Step 2: Compute the integrating factor
\[ \mu(x)=e^{\int 2\,dx}=e^{2x}. \] Multiplying the ODE by \( e^{2x} \) gives \[ e^{2x}\frac{dy}{dx} + 2e^{2x}y = e^{2x}\sin(2x) \;\;\Longrightarrow\;\; \frac{d}{dx}\Big(y\,e^{2x}\Big)=e^{2x}\sin(2x). \]

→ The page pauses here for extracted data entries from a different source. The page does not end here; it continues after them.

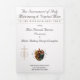 With explanations of the Mass displayed throughout, this elegant design also includes the name of the wedding officiant, names of altar servers, names of the parents of the bride and parents of the groom, wedding party names including the names for a maid-of-honor and best man, room for up to seven bridesmaids and groomsmen names, plus the names of the flower-girl and ring bearer.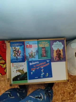 varios títulos de la colección "El mundo de Rita" de Mikel Valverde, como La Rita al Pol y La Rita té xicot. Otros libros visibles son: Fantasmátic de Estrella Ramon. Un fantasma fet a mida de Christine Nöstlinger. Caballero o caballera, lo sabrás a la primera de Enric Lluch. ¡No es tan fácil ser niño! de Pilar Lozano Carballo. Jon y la máquina del miedo de Roberto Santiago. Geronimo Stilton: El lladre de llibres de Helena Tornero. Ui, quina por! de Ricardo Alcántara.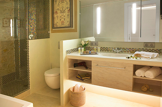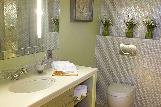 El baño de la suite, decorado con piedras cristal de murano simulan escamas marinas que otorgan un aire distinguido, acompañado de una bañera presidencial.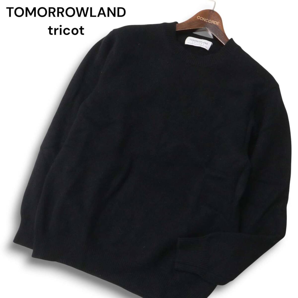 TOMORROWLAND tricot トゥモローランド 秋冬 ウール100%★ クルーネック セーター ニット Sz.L メンズ 黒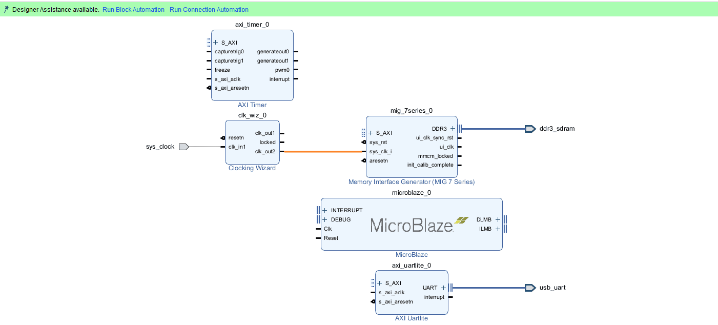 Add System Clock, DDR3 SDRAM and USB UART to the design by double-clicking the corresponding peripherals. In the Diagram window, right-click and select “Add IP” from the popup menu. Search for “MicroBlaze” & “AXI Timer” and add them to the design by double-clicking them.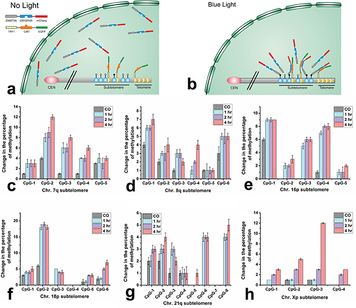 Figure 3: Blue light induced DNA-methylation at the subtelomeres. Schematic showing that, ECON fusion proteins move freely within the nucleus in the absence of light a. however, their accumulation at the telomeric and subtelomeric sites is triggered by blue light driven association to the TCON fusion proteins bound to the ends of chromosome b. Analysis of changes in DNA methylation at selected subtelomeric CpG sites. The extent of changes in methylation was compared between co-transfected cells that were either untreated or illuminated for 1, 2, and 4 hr. Methylation levels were measured by pyrosequencing and expressed as % change at the subtelomeric region of chromosome 7q c. 8q d. 16p e. 18p f. 21q g. and Xp h. Varying levels of increase in methylation at distinct CpG loci was observed after blue light treatment for 1 hr, 2hr, or 4 hr. compared to the co-transfected (CO) cells without any illumination.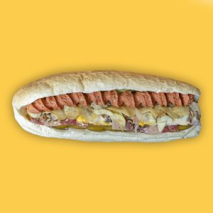 سس مخصوص ، هات داگ 90% ، بیکن ، قارچ و پنیر ، گوجه ، کاهو ، خیارشور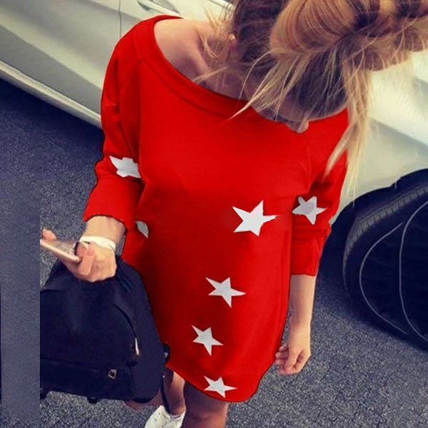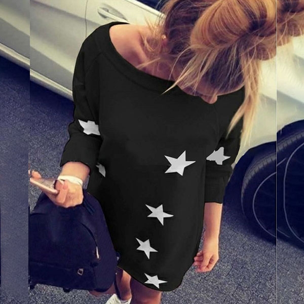 with long sleeve,round neck and star printed pattern,this piece definitely knows how to offer you a cozy,casual and

Step 3: Integrate to obtain \( y \)
\[ y\,e^{2x}=\int e^{2x}\sin(2x)\,dx + C. \] Use the standard integral \[ \int e^{ax}\sin(bx)\,dx=e^{ax}\,\frac{a\sin(bx)-b\cos(bx)}{a^2+b^2}+C, \] with \( a=2,\; b=2 \). Then \[ \int e^{2x}\sin(2x)\,dx =e^{2x}\,\frac{2\sin(2x)-2\cos(2x)}{2^2+2^2} =e^{2x}\,\frac{2\sin(2x)-2\cos(2x)}{8} =e^{2x}\,\frac{\sin(2x)-\cos(2x)}{4}. \] Hence \[ y\,e^{2x}=e^{2x}\,\frac{\sin(2x)-\cos(2x)}{4}+C \;\;\Longrightarrow\;\; y(x)=\frac{\sin(2x)-\cos(2x)}{4}+C\,e^{-2x}. \]

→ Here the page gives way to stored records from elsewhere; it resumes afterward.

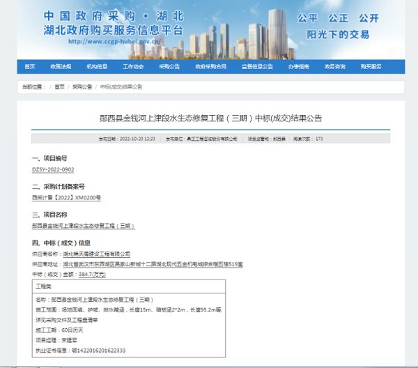 项目名称:郧西县金钱河上津段水生态修复工程(三期)招标编码:DZSY-2022-0902招标人:郧西县水利和湖泊局相关网络截图:相关网络链接:http://www.ccgp-hubei.gov.cn/notice/202210/notice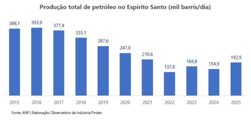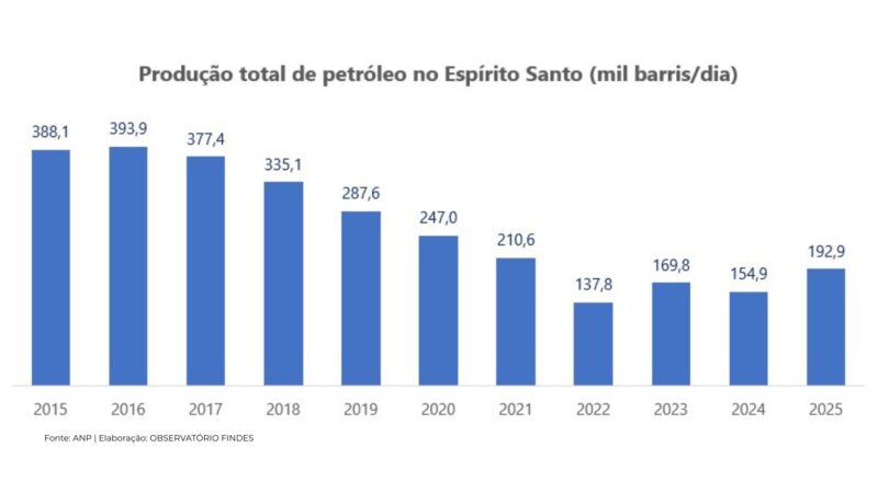 Os dados são do Painel da Agência Nacional do Petróleo, Gás Natural e Biocombustíveis (ANP), divulgados no final de janeiro de 2026, compilados pelo OBSERVATÓRIO FINDES. O retorno à vice-liderança marca uma recuperação relevante para o Estado, que entre 2007 e 2018 ocupou de forma consistente a segunda colocação nacional, sendo ultrapassado por São Paulo no período entre 2019 e 2024.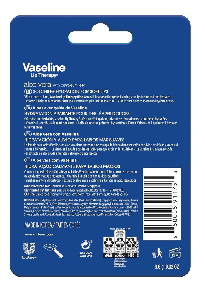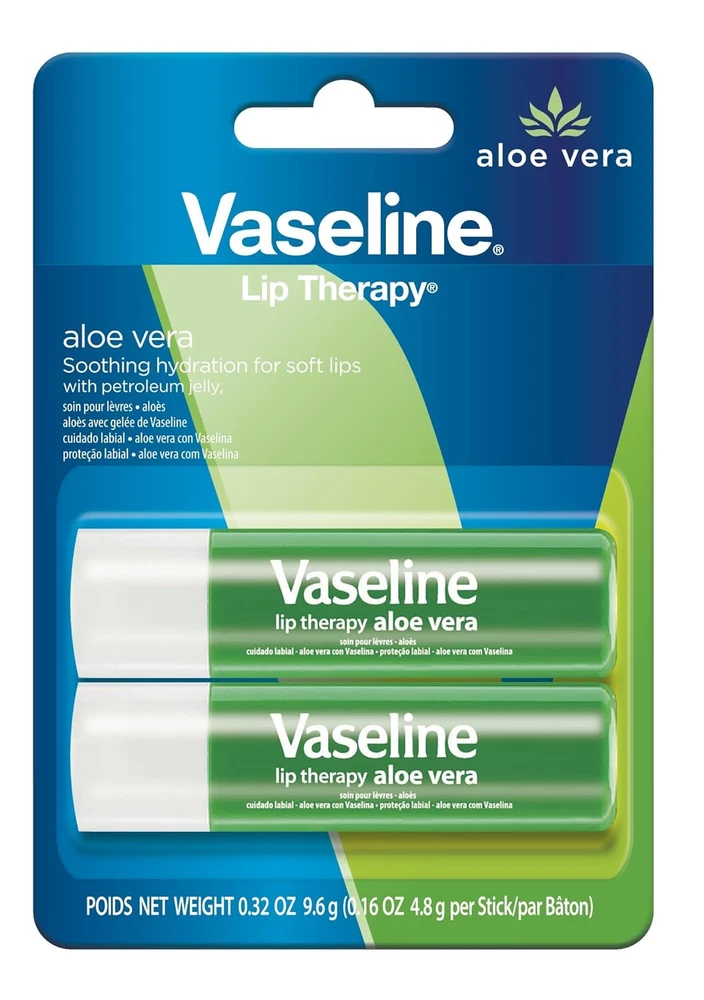 Store New Arrivals Add to Favorite View Feedback Contact Lip Therapy Aloe Care Twin Pack Description Finish Type Matte Product Dimensions 0.85 x 3.5 x 5.1 inches; 0.35 ounces Country of Origin Korea, Republic of Product Benefits Softening, Soothing, Repairing, Moisturizing Skin Type All Item Form Balm Soothes and Hydrates: Vaseline Lip Therapy with a touch of Aloe Vera soothes, leaving your lips feeling soft and hydrated while providing the essential moisturization your lips need. Convenient Stick Format: This handy pocket-sized lip balm has a non-sticky and non-greasy formula which spreads easily to deliver moisture to damaged lips. On-the Go Moisturization: Whether in your pocket, desk, or car, you can always be prepared to help protect and soothe your lips. Give your lips the essential moisturization they need with Vaseline Lip Therapy sticks. With the soothing power of petroleum jelly, Vaseline Lip Therapy sticks soothes and softens your lips while providing essential hydration for long lasting smoothness. Available in four variants: Aloe Vera, Original, Rosy and Cocoa Butter. Use Vaseline Lip Therapy sticks daily for long-lasting moisturization and beautiful lips. Kiss those cracked, chapped, dry lips goodbye with The Soothing Power You Trust, Now In A Stick! ABOUT US We offer the best prices around on high quality products. Our E-store includes media such as books, movies, music and games while offering electronics, toys, sporting apparel, clothing, tools, general home, garden items and more. SHIPPING We are always working hard to ensure your package arrives as soon as possible. Please understand that some factors like weather, high postal traffic, and the performance of shipping companies are outside of our control. We offer free shipping to the lower 48 states and ship within 2 business days of payment, usually sooner. We do not accept P.O. Boxes. Please provide a physical address. RETURNS We offer a 30-Day Return Policy on items which you are not completely satisfied with. You have the option for a full-refund or an exchange of the item. No returns are available on items shipped outside of the USA. PAYMENT We accept PayPal. CONTACT US This page content is yet to come Please ad us to your favorite seller and visit again later Thank You CUSTOMER SATISFACTION We try our very best to make sure every customer is completely satisfied. If there's a problem, message us! We're happy to help.

Step 4: Apply the initial condition
Given \( y(0)=\tfrac{3}{4} \). Evaluate: \[ y(0)=\frac{\sin 0-\cos 0}{4}+C\,e^{0} =\frac{0-1}{4}+C =-\frac{1}{4}+C =\frac{3}{4} \;\;\Longrightarrow\;\; C=1. \] Therefore \[ y(x)=\frac{\sin(2x)-\cos(2x)}{4}+e^{-2x}. \]

Step 5: Evaluate at \( x=\tfrac{\pi}{8} \)
At \( x=\tfrac{\pi}{8} \), we have \( 2x=\tfrac{\pi}{4} \), so \( \sin\!\left(\tfrac{\pi}{4}\right)=\cos\!\left(\tfrac{\pi}{4}\right)=\tfrac{\sqrt{2}}{2} \). Hence \[ \frac{\sin(2x)-\cos(2x)}{4}\Bigg|_{x=\pi/8} =\frac{\tfrac{\sqrt{2}}{2}-\tfrac{\sqrt{2}}{2}}{4}=0, \] and \[ y\!\left(\tfrac{\pi}{8}\right)=e^{-2(\pi/8)}=e^{-\pi/4}. \]

Final answer

\( e^{-\pi/4} \)